### [The data]
□ □ □

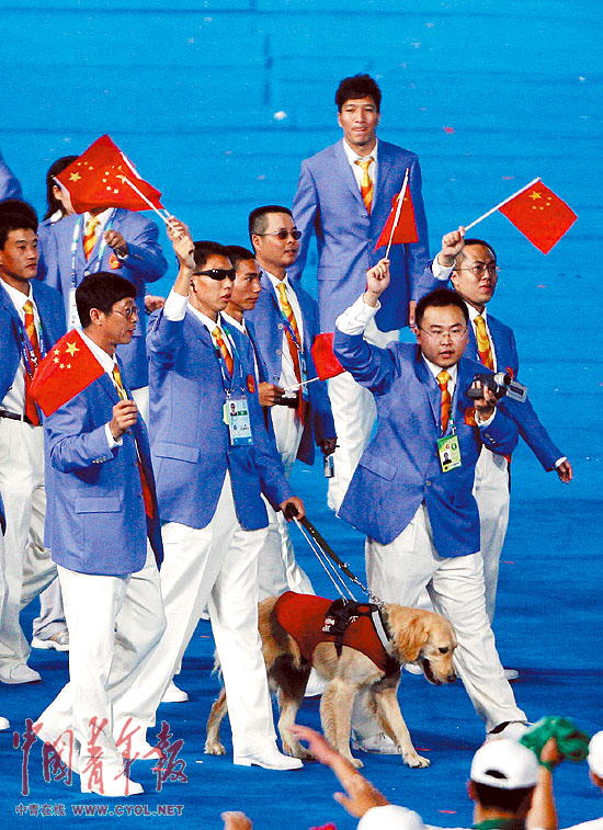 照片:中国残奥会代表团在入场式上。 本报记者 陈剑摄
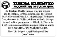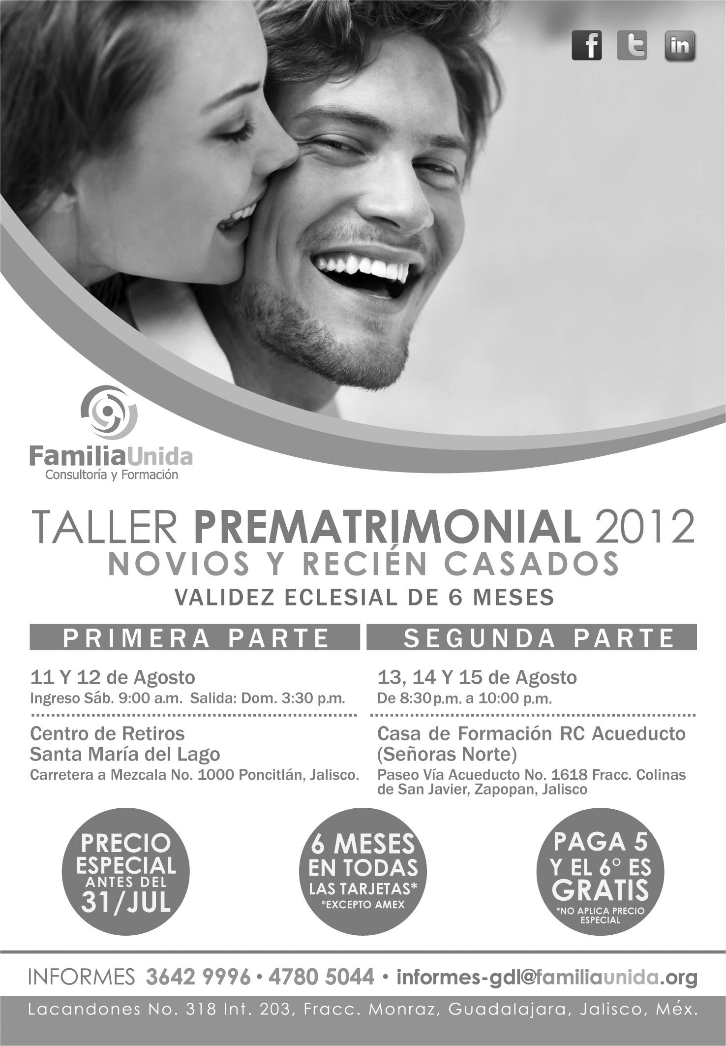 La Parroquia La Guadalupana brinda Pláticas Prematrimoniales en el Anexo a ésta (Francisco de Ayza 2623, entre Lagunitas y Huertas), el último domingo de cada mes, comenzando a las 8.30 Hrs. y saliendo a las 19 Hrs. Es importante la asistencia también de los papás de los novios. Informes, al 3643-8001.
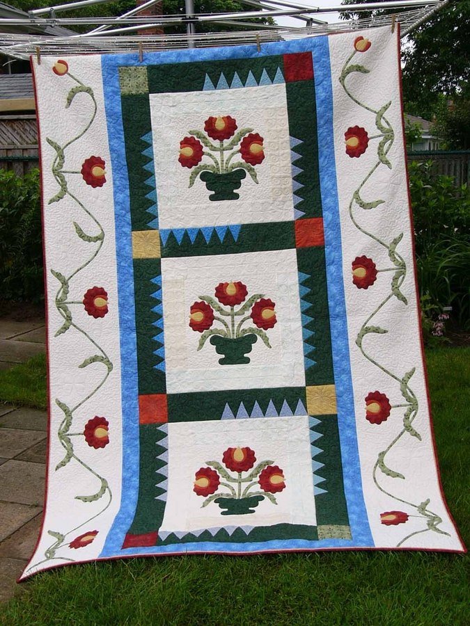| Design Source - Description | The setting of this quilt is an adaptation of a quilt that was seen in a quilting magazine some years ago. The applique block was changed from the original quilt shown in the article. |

□ □ □

### [Work order]
The whole listing above should be restated word for word, minus any images.

### [Expected answer]
 照片:中国残奥会代表团在入场式上。 本报记者 陈剑摄
 La Parroquia La Guadalupana brinda Pláticas Prematrimoniales en el Anexo a ésta (Francisco de Ayza 2623, entre Lagunitas y Huertas), el último domingo de cada mes, comenzando a las 8.30 Hrs. y saliendo a las 19 Hrs. Es importante la asistencia también de los papás de los novios. Informes, al 3643-8001.
| Design Source - Description | The setting of this quilt is an adaptation of a quilt that was seen in a quilting magazine some years ago. The applique block was changed from the original quilt shown in the article. |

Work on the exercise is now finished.